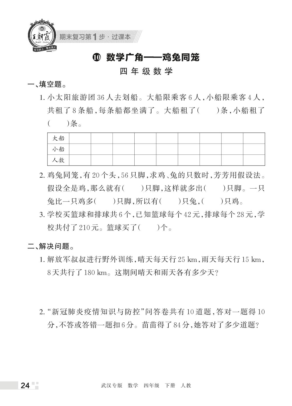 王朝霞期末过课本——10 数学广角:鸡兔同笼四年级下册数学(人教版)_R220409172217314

# # # #

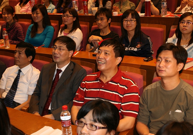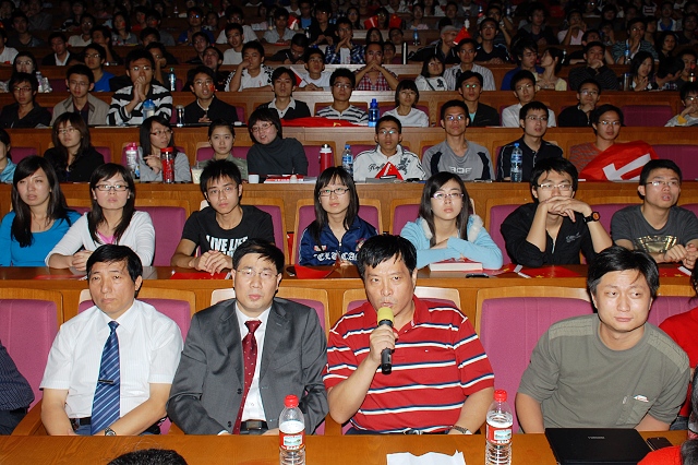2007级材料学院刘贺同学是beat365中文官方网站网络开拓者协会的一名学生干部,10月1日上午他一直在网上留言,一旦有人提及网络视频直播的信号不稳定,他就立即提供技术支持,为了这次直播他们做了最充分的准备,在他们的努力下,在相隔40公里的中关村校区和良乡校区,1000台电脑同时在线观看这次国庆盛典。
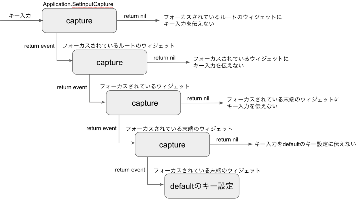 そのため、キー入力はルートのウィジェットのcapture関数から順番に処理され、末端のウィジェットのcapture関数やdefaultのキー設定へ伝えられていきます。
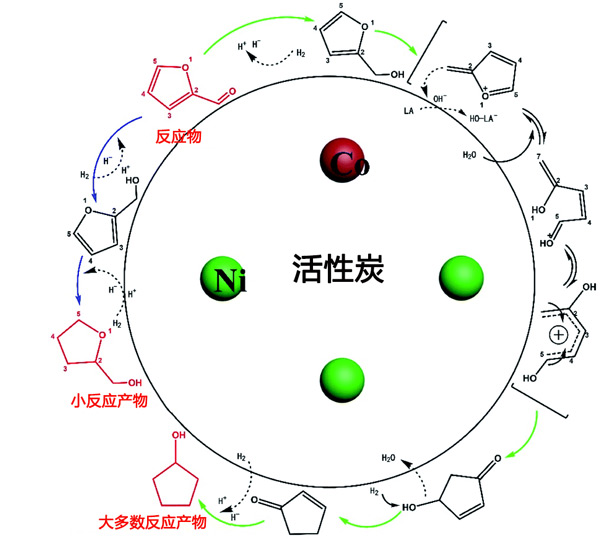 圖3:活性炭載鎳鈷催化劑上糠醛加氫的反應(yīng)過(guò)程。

# # # #

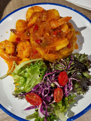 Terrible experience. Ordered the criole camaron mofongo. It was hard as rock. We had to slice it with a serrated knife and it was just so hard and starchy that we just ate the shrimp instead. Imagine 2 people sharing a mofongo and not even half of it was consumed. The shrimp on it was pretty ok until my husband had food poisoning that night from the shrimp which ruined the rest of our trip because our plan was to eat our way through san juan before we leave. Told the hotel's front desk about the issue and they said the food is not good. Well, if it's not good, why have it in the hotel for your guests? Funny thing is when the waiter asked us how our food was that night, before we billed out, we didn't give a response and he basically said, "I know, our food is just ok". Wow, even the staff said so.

# # # #

WORK TO BE COMPLETED:
Leaving out the pictures, please output the lines in the entries above from the one with "そのため、キー入力はルートの" through the one with "圖3:活性炭載鎳鈷催化劑上糠醛加氫的反應(yīng)過(guò)程。", exactly as they are.

TASK ANSWER:
 そのため、キー入力はルートのウィジェットのcapture関数から順番に処理され、末端のウィジェットのcapture関数やdefaultのキー設定へ伝えられていきます。
 圖3:活性炭載鎳鈷催化劑上糠醛加氫的反應(yīng)過(guò)程。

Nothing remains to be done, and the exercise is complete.